Managing Deep Learning Models

At SearchInk we are starting to see a big growth in the number of machine learning and deep learning models being generated. The reason for this is that we are running numerous experiments and simultaneously deploying certain models into production. At some point, we asked ourselves the following questions:

  • Which model should we deploy in production?
  • Where is the model stored?
  • Where are the parameters and evaluations of the model stored?

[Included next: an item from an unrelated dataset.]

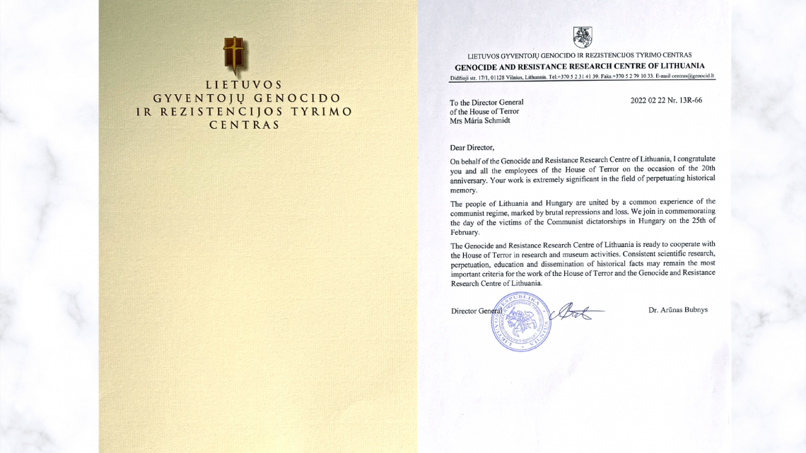 Levélben fejezte ki gratulációját a Terror Háza Múzeum húszéves fennállásának apropóján Arūnas Bubnys, a Litvániai Népirtás és Ellenállás Kutatóközpont főigazgatója. Az intézményvezető Schmidt Mária főigazgató asszonynak címzett levelében úgy fogalmazott, „Az Önök munkája rendkívül jelentős a történelmi emlékezet megörökítése terén.”

To answer these questions, we ideated on a solution we considered to be simple and scalable. Our thought process was as follows:

Fig 1: Thought process
  • We cannot store models in our git repositories as they are too large. The better alternative is to store them in Cloud Storage Buckets. We are currently using Google Storage Buckets for the same. We select models from here for our deployments.
  • We also need to store the metadata associated to the model, such as, training/validation/test accuracy and loss, the dataset it was trained on, the hyper-parameters and other metrics like precision, recall, AUC ROC, to name but a few. We decided to store it on MongoDB.
  • The final part was having a simple dashboard that provides the overview for all the models.
Fig 2: Our first version of the dashboard

It is common to see the models in production that do not perform as well as previous models that were deployed. With this framework it is a breeze for us to switch to previous models.

In the forthcoming versions, we will be adding filters and various evaluation metrics to this dashboard, which will help us compare models and allow us to see the results generated by these models. This along with an admin console, where non-tech folks can manage models based on various criteria will give us a greater win. It will help in checking how the model performs on sample datasets which they can upload autonomously.